The article was an Associated Press report from Grafton, West Virginia:

TWO PERSONS were found dead Monday at the scene of a single-car traffic accident on Shelby road, two miles south of Grafton.

Police said the victims were discovered in a burning automobile after the car apparently had run off the highway and crashed. Grafton Police Sgt. Gilbert Beckley said that rescue workers who reached the scene were forced to wait for the fire to subside before approaching the car.

Authorities have identified one of the victims as Harold G. Broom, an art dealer from New York. Police said Broom carried business cards listing him as an associate of the Parthenon Gallery and the Belle Meade Exhibition Center in Manhattan.

The second victim found in the car carried no personal belongings and has not yet been identified, police said. The accident was reported by a Greyhound bus driver who passed the scene but did not stop.

Tom Stratton stuffed the newspaper into a trash basket, bought himself a lemon ice, and jogged exultantly back to his hotel.

GIL BECKLEY WAS NOT what Stratton expected.
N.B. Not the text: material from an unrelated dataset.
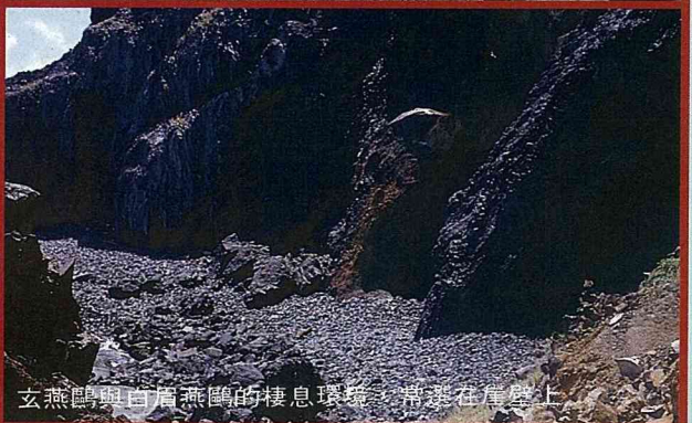
玄燕鷗與白眉燕鷗的棲息環境，常築在崖壁上
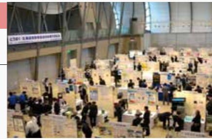
とうほく・北海道 展示商談会 会場風景 (平成26年度)

He was not a middle-aged hillbilly with hemorrhoids, but an athletic young cop with a Jersey accent and two junior college diplomas on the wall. If Beckley felt it was beneath him to work traffic accidents, he hid the resentment well. In fact, he seemed pleased to meet this angular, quiet man who had arrived with information about the Shelby Road fatalities.

Stratton introduced himself and said, “I read about the accident this morning in the Post.”

“That was the official version,” Beckley said.

“What do you mean?”

“The two people in that car didn’t die in any wreck. They were shot. Classic murder-suicide, I’d say.”

Stratton was dazed.

“When you called, you said you knew something about the passengers,” Beckley prodded. “Can you help us out?”

Mentally Stratton dusted off his story.

“Harold Broom was doing business with a good friend of mine. They’d been traveling together for the last week or so.”

“Had you seem them recently?”

“Yes,” Stratton said. “Day before yesterday. In Washington. They rented a car.”

“So you think the other victim could be your friend?”

“I’m afraid so,” Stratton said. “That’s why I drove straight over here after I saw the story in the paper.”

“We appreciate it,” Beckley said. From a bottom drawer in the gray metal desk the policeman withdrew a stiff brown envelope. “How’s your stomach, Mr. Stratton?”

Stratton took the envelope. His hands trembled. He scratched at the gummed flap.

He wasn’t acting anymore.

“What was your friend’s name?” Beckley inquired.

Stratton pretended not to hear. Be there, he said silently.

He slipped the photographs from the envelope. They were black-and-whites, the usual eight-by-tens. The top picture captured what was left of Harold Broom after he had been dragged from the smoldering car. His clothes dangled like charred tinsel. His chest and face were scorched; the flesh on the upper torso was scabrous. The face was raw, frozen in a death scream. The eyelids had burned away completely, leaving only a viscous white jelly in the sockets. Broom’s outreached arms had constricted into the common rigor mortis of burn victims—elbows sharply bent, fists clenched in front of the face, as if raising a pair of binoculars.

Tom Stratton took a deep breath. He felt clammy.

The next two pictures, taken from different angles, were also of Broom.

“The next one,” Beckley said, watching closely. “That’s the one you’re interested in.”